Sarkozy and Merkel meet before the EU summit.

France-Europe
France, Europe
 AFP - The Europeans are working on a comprehensive overhaul of the second aid package to Greece through a substantially increased effort creditor banks to avoid bankruptcy at Athens in the marathon negotiations underway to rescue the euro area. The day Saturday is loaded. In addition to a meeting of finance ministers of 27 EU countries, French President Nicolas Sarkozy and German Chancellor Angela Merkel will try to overcome their differences in the evening on the response to the debt crisis in a mini-summit in Brussels with several other key players.

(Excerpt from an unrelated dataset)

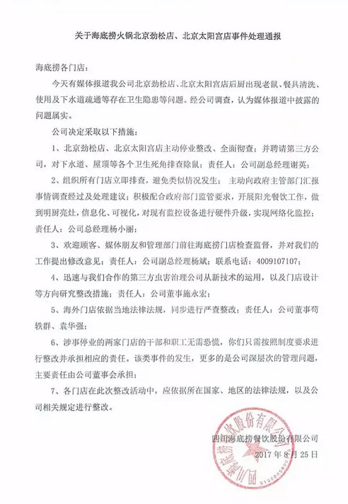 “相关责任人”纷纷浮出水面 “区别危机公关和危机管理方法之一,就在行动承诺。” 鲍勇剑向界面新闻记者表示,一切没有行动承诺的表态,至多是漂亮的危机公关,而能够经得起检验的危机管理一般包含下面的具体行动陈述: “我们已经发现的问题有……” “我们正采取的行动是……” “我们还将落实……” “检验上述行动的时间节点在……” “如果没有做到,我们承诺的惩罚为……” 海底捞在最短的时间内,已经在处理通报中出台了一些具体的行动陈述: 聘请第三方公司,对下水道、屋顶等各个卫生死角排查除鼠。 与第三方虫害治理公司从新技术的运用、到门店设计等方向研究整改措施。 公布一系列整改措施的具体负责人的职位、姓名甚至联系电话:网络化监控——公司总经理杨小丽、监督意见联系人——副总经理杨斌、海外门店责任人——公司董事苟逸群、袁华强……

A countdown is committed to exit the euro zone crisis that has lasted two years and worried about the world. It should be completed Wednesday with a summit of 26 leaders of EMU, the second in a week. It should be "a complete solution to the crisis. We have had enough of short-term measures that were used plaster to take a few weeks," Saturday criticized the British Minister of Finance, George Osborne. His Belgian counterpart Didier Reynders said the discussions would turn "on a new Greek plan." "In this new plan, there is a substantial effort to Greece again, there is an effort by European countries and will also require an effort of the private sector (ie banks)," he said on the sidelines of the ministerial meeting.

The central bankers of the euro area have already agreed on Friday to request further efforts "substantial" the banks said their leader, the Luxembourg Jean-Claude Juncker. Given the scale of the task, they should meet again Saturday afternoon to continue their work. Their condition: that banks are willing to delete "at least" half of the value of Greek debt they hold, against 21% initially planned for July. "Negotiations with the IIF (the banking lobby) continue, there is no agreement yet," said a source close to the Saturday issue. But "the working hypothesis the most central in discussions with the banks" is that of a haircut (loss by financial jargon) of 50%, she said.

The euro area came to this conclusion based on the findings of an expert report submitted by the troika that brings together donors of funds to Greece. The paper estimates that banks have to accept losses from 50 to 60% for Greece hope to stabilize without excessively increasing the amount of international loans that have already been promised. The challenge is for Europeans to get the green light for banks, or risk creating a "credit event", or the outbreak of insurance against default risk in Greece. Such a scenario would favor those who have speculated about the fate of Greece and especially likely to cause a domino effect throughout the euro area with possible contagion to Italy and Spain.

In return for the effort required on the part of banks, finance ministers from the 27 floor Saturday on a broad plan to recapitalize the banking sector to enable it to cushion the blow. Europe is assessing the needs of 80 to 100 billion euros, two times less than the estimates of the International Monetary Fund, who first sounded the alarm on the need to strengthen the reserves of financial institutions of the Old Continent. Modalities remain to be defined: what is the timetable? Recapitalizations of private or public funds?

For their part, German Chancellor and French President will try in the evening with their respective finance ministers to resolve their differences on how to stem the debt crisis, at a meeting involving both the main European leaders: the EU president, Herman Van Rompuy, the European Commission, José Manuel Barroso, the ECB, Jean-Claude Trichet and Juncker. This will be a lap before the EU summit on Sunday. Blocking is primarily how to strengthen the relief fund troubled countries in the euro area, the EFSF. This instrument is essential to prevent contagion of hope to the debt crisis in countries like Spain and Italy, in the viewfinder of the rating agencies.

Paris has proposed to transform the EFSF bank so that the counter is supplied by the ECB. One option that will not block the Berlin Mint, as it would violate their view the legal prohibition against the central bank to bail out government budgets. France, supported by Spain and Italy in particular, suggested Friday that it could eventually yield. But the subject is not yet evacuated. "We will discuss the European Facility (the EFSF) and its collaboration with the European Central Bank (ECB)," Mr. Reynders said Saturday.